Avec un sujet comme celui-là, il aurait été tellement plus facile d’appuyer la mise en scène et de faire jaillir les clichés. Ce n’est pas l’angle d’attaque de Peter Monsaert qui joue la retenue et la délicatesse, la pudeur aussi. Le réalisateur préfère induire plutôt que montrer.Et avec ces trois acteurs principaux, Peter Monsaert est tombé sur des as.

La petite Esra Vandenbussche, qui est à la ville comme à l’écran la fille de Sara Vertongen, est bouleversante. Sara Vertongen s’offre un rôle de choix qui devrait la faire connaître encore un peu plus.
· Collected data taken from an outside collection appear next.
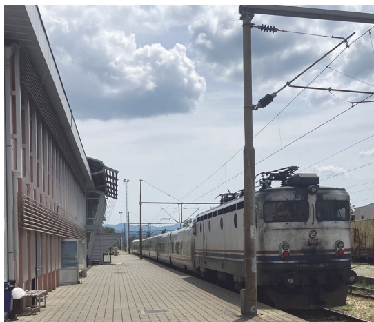
Figure 4 Bosnian Talgo train at border station Čaplina

The domestic night train of HŽPP currently runs only on Fridays to Split and on Sundays back to Zagreb [5]. Additionally, there are several touristic night trains during summer time from Praha, Bratislava, Budapest and Vienna. Besides the ICN, local regional trains between Split and Kaštela Stari try to cover the local traffic demand in the suburban region of Split where there is a populated area along the Adriatic coast. In the south of Dalmatia, Bosnian Talgo trains run cross border during summer time only on Fridays, Saturdays and Sundays while they end on other days in Čaplina which is the border station on the Bosnian side [6].
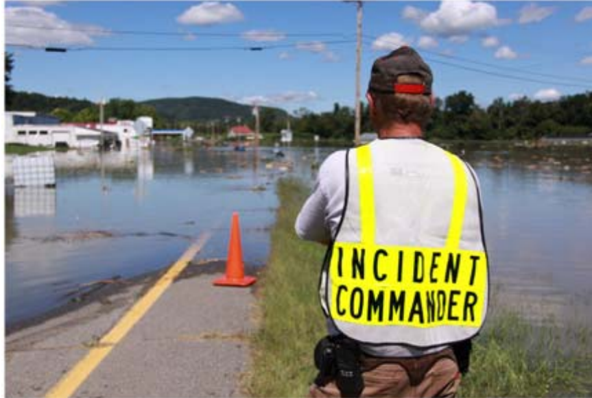
Figure 8 - Incident Commander observes damage caused by flooding in Westminister, Vermont
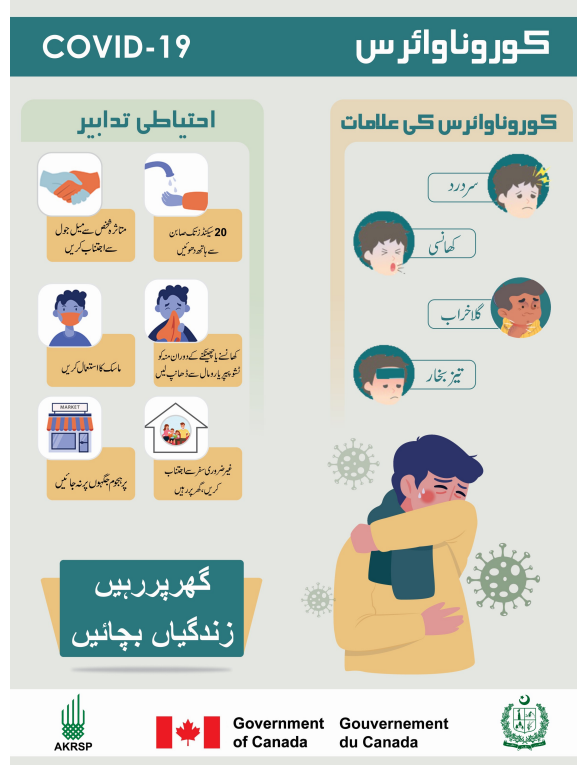
Figure 11: Banner for Display at Union Councils
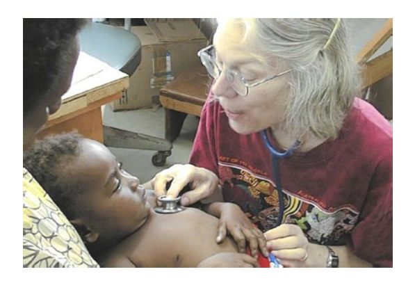
Caring for local kids

Et puis il y a Wim, indescriptible de simplicité, mal dans sa peau, aux antipodes de ce à quoi il nous a habitué et pourtant tellement intense.

Avec Le Ciel flamand, Peter Monsaert continue à avancer une pellicule en territoire sensible mais évitant la sensiblerie pour remettre l’humain au centre des choses et dans l’oeil du cyclone.

 

AS

 

Titre: Le Ciel flamand

Réalisateur: Peter Monsaert

Acteurs: Sara Vertongen, Esra Vandenbussche, Wim Willaert, Ingrid De Vos, Naima Rodrich, Serge Larivière…

Genre: Drame

Date de sortie: le 30 novembre 2016

Le ciel flamand est une production de Lunanime et Lumière distribuera le film au Benelux en automne 2016. Il est produit avec le support du Vlaams Audiovisueel Fonds (VAF), du programme Creative Europe – MEDIA de l’Union européenne, et du tax shelter belge pour le financement de films (partenaires tax shelter: Practicali, Forsa et Pranco).